Vous faire rare en compétition et vous concentrer sur l'événement phare de la saison, c'est votre schéma préférentiel...

«J'aimerais bien être Anna Hall (jeune heptathlonienne américaine, ndlr), qui a 22 ans et qui fait toutes les compétitions. Mais j'ai compris, surtout avec mon profil qui va à 150% le jour du décathlon, que je mettais plus de temps à récupérer. Ça me fait plus mal, régler toutes les petites tensions qui se sont créées pendant la compétition met plus de temps. Je m'adapte à ma condition en fait. Je n'irai jamais dire que je suis vieux, parce que j'ai l'impression d'évoluer encore, mais j'ai des décathlons dans les jambes et il faut que je fasse attention, parce que le plaisir ne sera là que si je fais les bons choix.
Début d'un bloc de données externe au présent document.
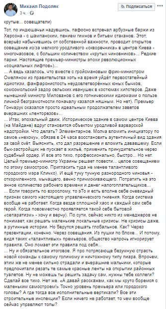 Он добавил, что "эпохальный движ" с историческим здание в самом центре Киева, которое стало объектом уродливой варварской надстройки, можно было решить за 24 часа без лишнего шума.

Il faut être très prudent.»

Avez-vous déjà une idée de votre calendrier en 2024 avant les JO ?

«Si à Budapest je me qualifie pour les Jeux, je ne ferai pas d'autre décathlon, c'est sûr et certain. Je ferai sûrement l'hiver, si je peux. Istanbul (où il a été sacré champion d'Europe en salle de l'heptathlon en mars), ça m'a vachement servi. Je trouve que c'est plus utile de faire un heptathlon en salle que des compétitions avec les spécialistes. Rome (pour les Championnats d'Europe en plein air en juin), non. Je ne sais pas faire deux décathlons d'affilée. On ne peut pas prendre de risque avant les Jeux.»